Was also mit ihnen tun? Anders gefragt: Gehören Kinder zu Deutschland? Warum sie weiter durchfüttern? Sind es nicht Kinder, die unser Land durch ihre fortgesetzte mutwillige Untätigkeit ökonomisch schwächen? Sind es nicht Kinder, die rücksichtslos und lauthals brüllend durch unsere längst von zahllosen Hüpfburgen, Kindertrampolinen und anderem Plastikmüll verunstalteten Innenstädte marodieren? Sind es nicht Kinder, die in unseren Parks und Gärten achtlos Blumen und frische Kräuter ausreißen, dort regelmäßig eine kilometerlange Spur übelriechender voller Windeln hinterlassen und uns frech unsere Luft wegatmen? Hand aufs Herz: Lässt sich eine solidarische, gerechte Gesellschaft nicht viel besser ohne sie organisieren? Wäre es nicht an der Zeit, Kinder endlich ein für alle mal unseres Landes zu verweisen?

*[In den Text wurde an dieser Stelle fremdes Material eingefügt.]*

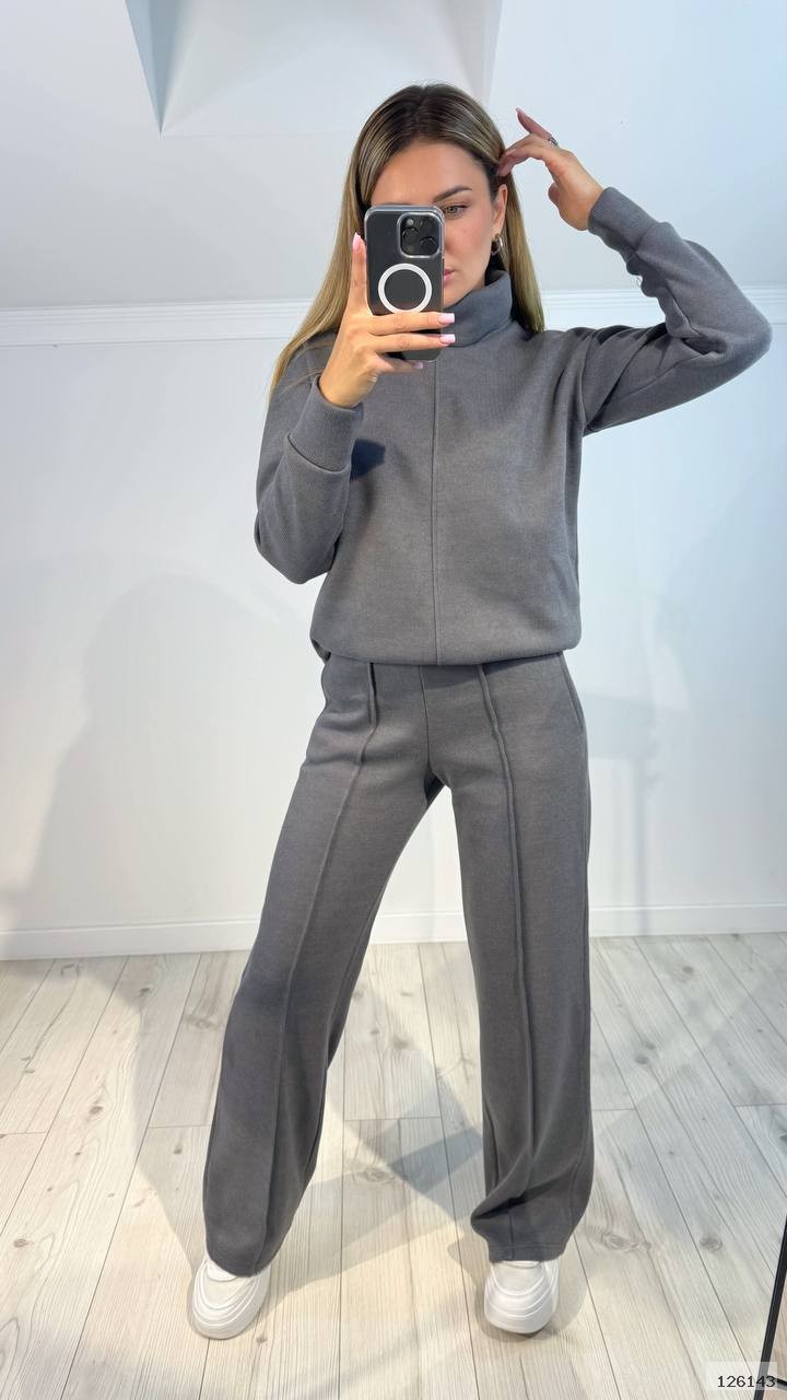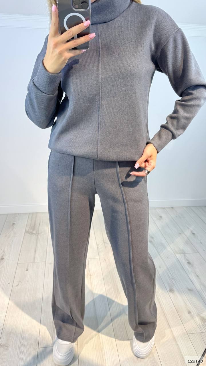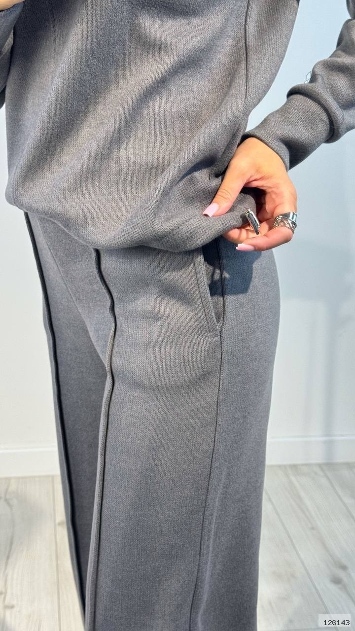 Костюм кофта прямого крою, низ затягується на резиночку з фіксатором, горловина хомут, штани посадка середня, вільного крою, з карманами, талія на резинці

Andererseits: Wer abwechselnd in die von Selbstgerechtigkeit und tumbem Stolz zerfressenen Gesichtszüge der Eltern und in die ihrer zu kleinen Diktatoren mutierten Zöglinge sieht, fragt sich sofort, wer eigentlich die bemitleidenswerteren Geschöpfe sind, die verbiesterten Eltern oder ihr durch und durch menschenfeindlicher, bösartiger Nachwuchs. Möglicherweise hilft uns bei der Beantwortung dieser Frage ja eine Einschätzung von Karl Kraus, der »die meisten« seiner Mitmenschen »als traurige Folgen einer unterlassenen Fruchtabtreibung« betrachtete.